Но Валерию предстоит еще видеть Карена. Каждый день, месяц за месяцем, пока мальчишка не окончит школу, и знать о его близости с Олесей, и постоянно помнить об этом, стараясь собраться с выдержкой и не наделать глупостей. Более дурацкое и страшное по своей сути положение для директора трудно представить. Просить Джангировых перевести сына? Как мечтали о подобном выходе совсем недавно Эмма и Олеся! Но опять - на каком основании? А ведь все достаточно просто: нужно найти в себе силы оторваться от окна (что он всегда туда смотрит?) и перестать думать об одном и том же. Глупо, как можно перестать думать? Лишь сон способен ненадолго разорвать заколдованную цепочку неменяющихся мыслей. Надо постараться преодолеть самое сложное - самого себя. Если бы только можно было преодолеть...
Валерий приподнялся и резким движением открыл штору. Какой туманный и белый сегодня день! И как отвратительно на душе...

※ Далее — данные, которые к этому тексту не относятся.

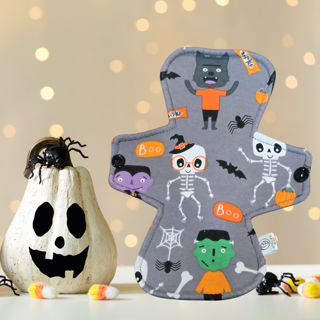 Avec ses adorables personnages d’Halloween, Parade Monstruelle transforme ta semaine rouge en carnaval de douceur monstrueuse. Un mélange de frissons, de fun et de confort, pour te rappeler qu’on peut affronter son cycle… avec style et sourire! 🧡
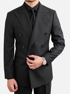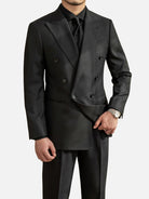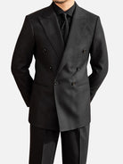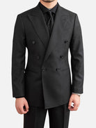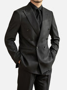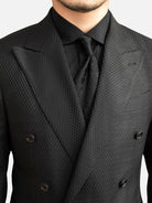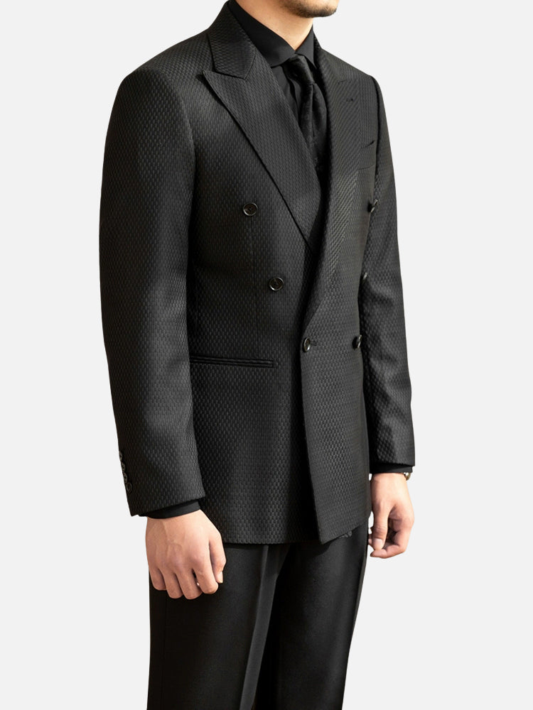 黒のチェック柄スーツジャケットは、ナポリ仕立てのクラシックなシルエットを踏襲し、ノッチドラペルと6ボタンでシャープな印象に。丸みのある肩と裾が自然なラインを描き、サテンプリントシルクの裏地がさりげない上質感を添えます。
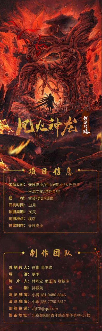 真人汇集片子《剑侠情缘之风火神龙》讲述了一个草根身世的丐助门生郭岩,无间思要成为为丐助争光的、大众口中的“大侠”,却正在经过一系列误解、欺辱、诱惑、悲观后,仍然选取站正在公道安正理的一边,最终剖析“侠义”的真义,成为人们口中“风火神龙”的故事。影片组讯消息仍然发表,盘算于2020年12月开机。
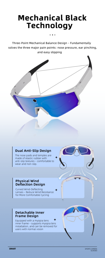 Stability is paramount. The V06 uses a 3-Point Mechanical Balance Design, specifically engineering out the pressure points on the nose bridge and ears. Even during intense skateboarding or trail running, it stays locked in place. Note: The V06 is rated IP54. It handles sweat and rain effortlessly, but unlike the W640 (IP66), do not rinse it under a high-pressure tap or submerge it. This is a trade-off for its lightweight profile (housing a 260mAh battery).
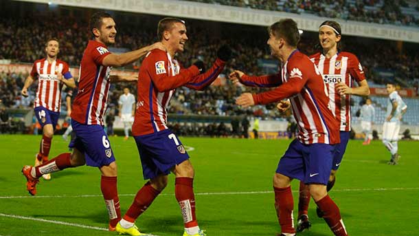 El Atlético de Madrid del "Cholo" Simeone sigue su lucha en el liderato de la Liga BBVA con el FC Barcelona después de conseguir vencer al Celta de Vigo por cero tantos a dos. Los colchoneros se adelantaron con un gran gol de Antoine Griezmann al comienzo del segundo tiempo en un encuentro que tuvieron muy controlado. Avanzada ya la segunda parte y ante los ataques de los locales, Carrasco aprovechó un balón suelto para, tras una buena jugada personal, sentenciar el partido.

Пришла Эмма, принесла капли. Малахов с трудом выпил их и попросил больше ничего не давать. А главное - не покупать лекарства, не тратить деньги. Вполне достаточно того, что уже истрачено на врача. Завтра Валерий собирается в школу. Эмма смотрела задумчиво и печально. Она никогда ни в чем не возражала мужу, потому что боялась нарушить и без того неустойчивый покой дорогого когда-то и любимого в молодости человека. Семья не сложилась. Это было ясно почти с самого начала. Валерий не любил Эмму и женился просто потому, что женился. Брак, каких много. Неудачный, в сущности, давно уже не нужный, изживший сам себя до основания и не оставивший никому ни радости воспоминаний, ни боли непонимания. Оно давно стало свершившимся, непреложным фактом. Против него бессмысленно было восставать и бороться. У них не было ничего общего, кроме сына и стен. Но сын судил их в глубине души - за что? за какую вину? - а стены тяготили постоянным напоминанием о том, чего помнить не хочется.
Боль несложившейся жизни придавливала Валерия. И чем тяжелее было, тем больше хотелось освободиться от ненужной тяжести, тем скорее хотелось светлого, ничем не замутненного счастья. Раньше он думал и надеялся, что оно возможно на Земле. Но люди рождаются здесь не для счастья, а для страданий.
Воспоминания прежде никогда не мучили его. "Это неправда, что они неотвязны и тяжелы, - думал когда-то Валерий. - Их легко отбросить, если захочешь. Нужно лишь захотеть".
Не воспоминания мучительны, а сознание невозвратимости. До нынешней осени он не просыпался ночью и не лежал часами неподвижно, думая об Олесе или не думая, но помня и чувствуя в темноте возле себя ее спокойное дыхание, ее нежное тепло, ее маленькие руки. И все-таки Валерий был счастлив в своей жизни. Счастье - оно ведь разное. Было - одно, а могло быть - другое. Возможно, не больше, не лучше, просто - другое. Счастье с Эммой... Да полно, разве стоило даже допускать его реальность? Сейчас ему хотелось того, другого, так никогда и не испытанного.